Like any other continent on Earth, Africa is home to hundreds — and potentially thousands, depending on who you ask—of indigenous languages. Some of them you’re likely to have heard of: languages like Kiswahili or Igbo, which are spoken by millions of people. Then, of course, there’s a wealth of languages spoken by smaller populations, often limited to small geographical areas (and a wide range of languages in between both ends of the spectrum). While the languages of Africa represent a host of language families, features, and cultures, there’s one thing they have in common, no matter how big or small: They’ve been all but neglected by the tech industry. Even widely spoken African languages like Kiswahili are underrepresented in fields like machine translation (MT) and speech recognition, in spite of the fact that they have a wide range of speakers across numerous nations. “We are not the main target market for these big companies, the companies like Google, Amazon, Apple, have really concentrated on maintaining their key business sectors, their biggest clients, who are mainly Europe and the U.S.,” said Joshua Businge, a Uganda-based tech entrepreneur, in an interview with DW News.
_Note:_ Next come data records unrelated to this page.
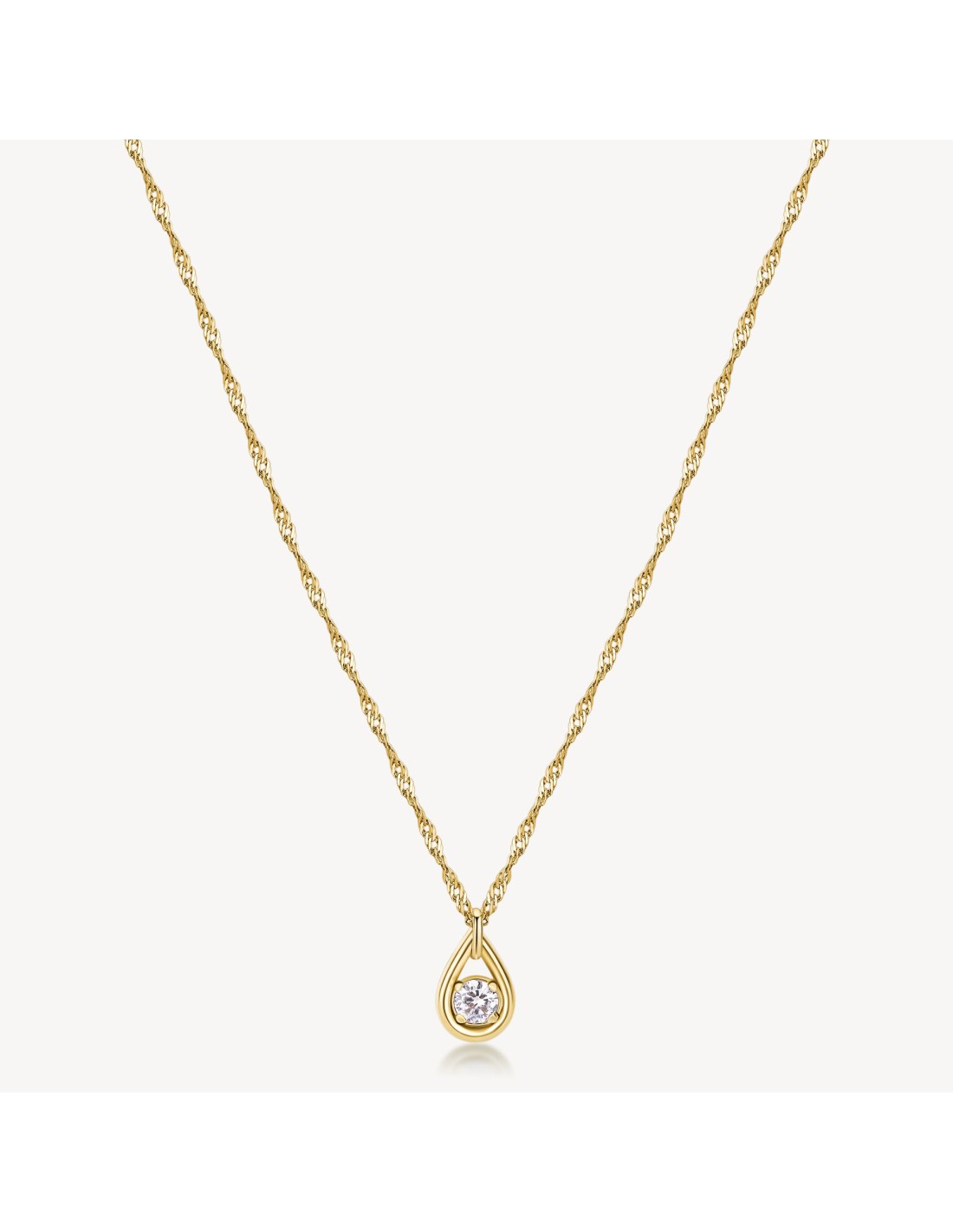 Collana girocollo in acciaio 316L, finitura pvd oro 14K e pendente con cubic zirconia.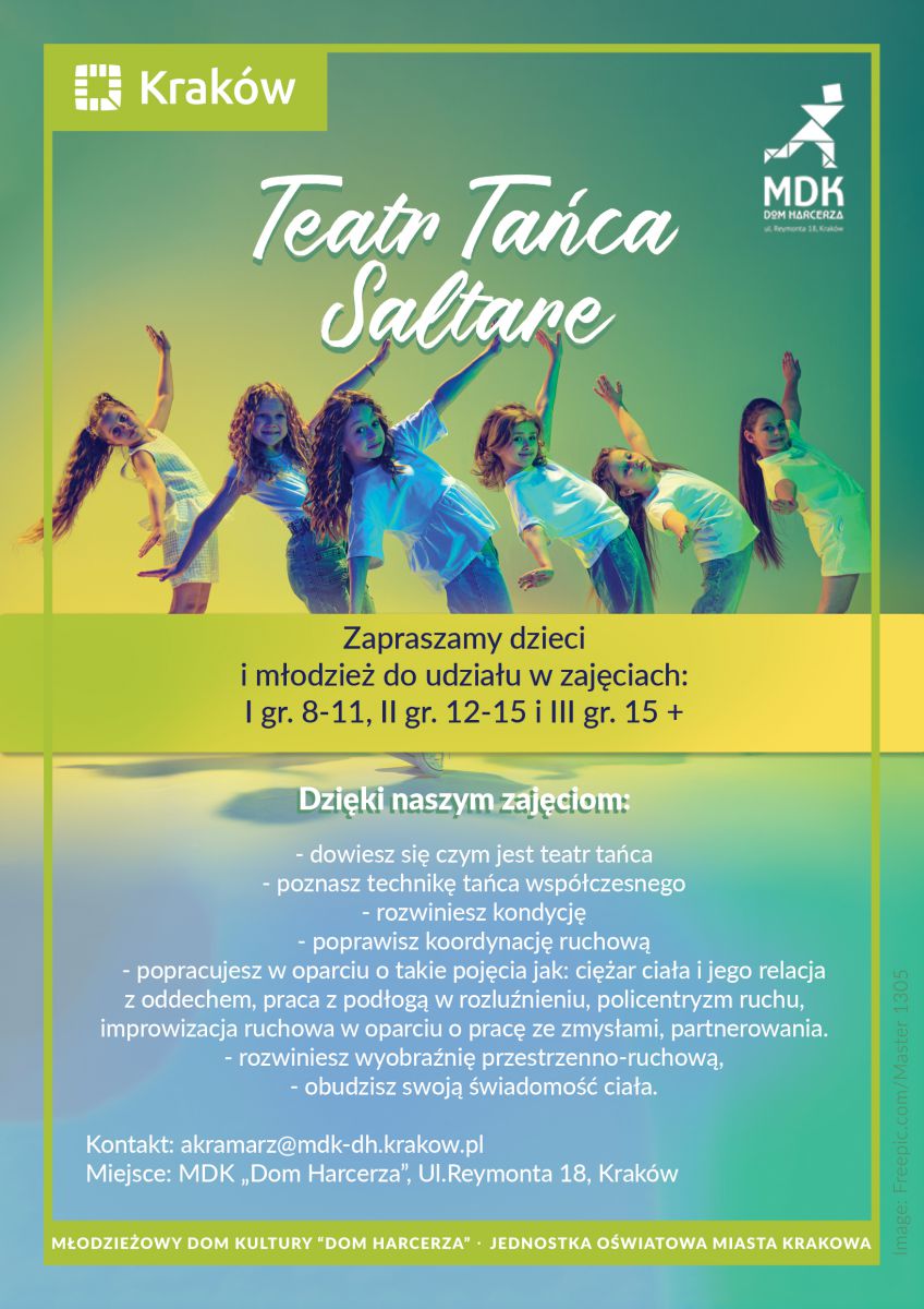 Zapraszamy wszystkie chętne dzieci do pracowni Teatru Tańca „Saltare”. Jeśli lubisz się ruszać, a na scenie czujesz się jak ryba w wodzie to te zajęcia są właśnie dla Ciebie! Pracujemy w trzech grupach wiekowych: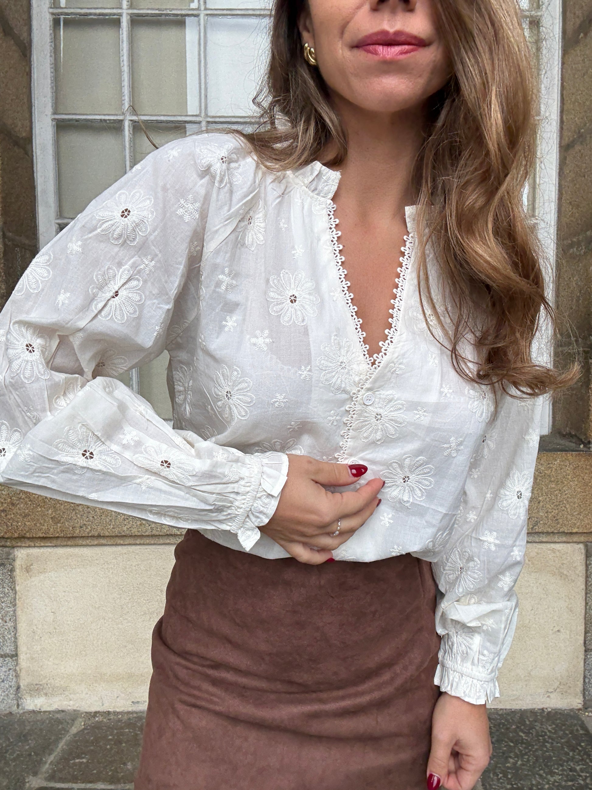 Craquez pour cette blouse aux fleurs brodées. Une blouse très tendance pour accompagner vos looks de printemps.
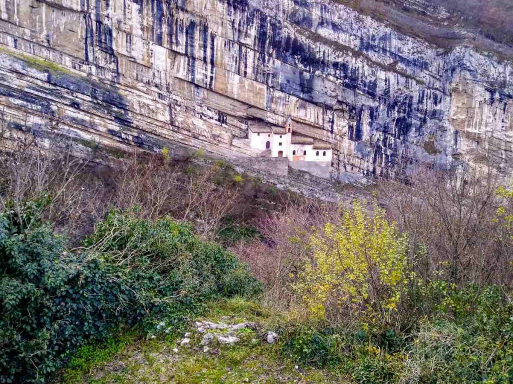 Una piccola chiesa incastonata in una parete verticale di roccia, come se fosse stata scolpita direttamente nella montagna. Per raggiungere l’Eremo di San Colombano c’è una scalinata scavata nella pietra, sotto il vuoto e sopra la roccia che incombe. In autunno la valle si riempie di nebbia, i colori si smorzano e la struttura appare sospesa, quasi appesa al nulla. È una scena assurda, da racconto fantastico.

For example, Apple’s virtual assistant Siri is capable of speech recognition in numerous languages and dialects, though most are Indo-European or native to Asia. Two Afro-Asiatic languages, Arabic and Hebrew, are available on Siri, however both of these are native to Asia. In spite of having a native speaker-base roughly ten times the size of Hebrew’s, Kiswahili is nowhere to be seen on the list of languages available on Siri, indicating a significant oversight on Apple’s part. In the field of speech recognition, it looks like there have been some major strides toward improving accessibility for African languages — Facebook’s recently launched wav2vec-Unsupervised program can develop speech recognition systems for under-resourced languages like Kiswahili, as it works on untranscribed speech data (unlike traditional speech recognition systems, which require transcribed speech, a process that takes significant time and energy). And as for MT, things may be looking up in this field as well: A team of researchers across the continent recently won the Wikimedia Research Foundation Award for their development of MT benchmarks for African languages classified as “left behind.”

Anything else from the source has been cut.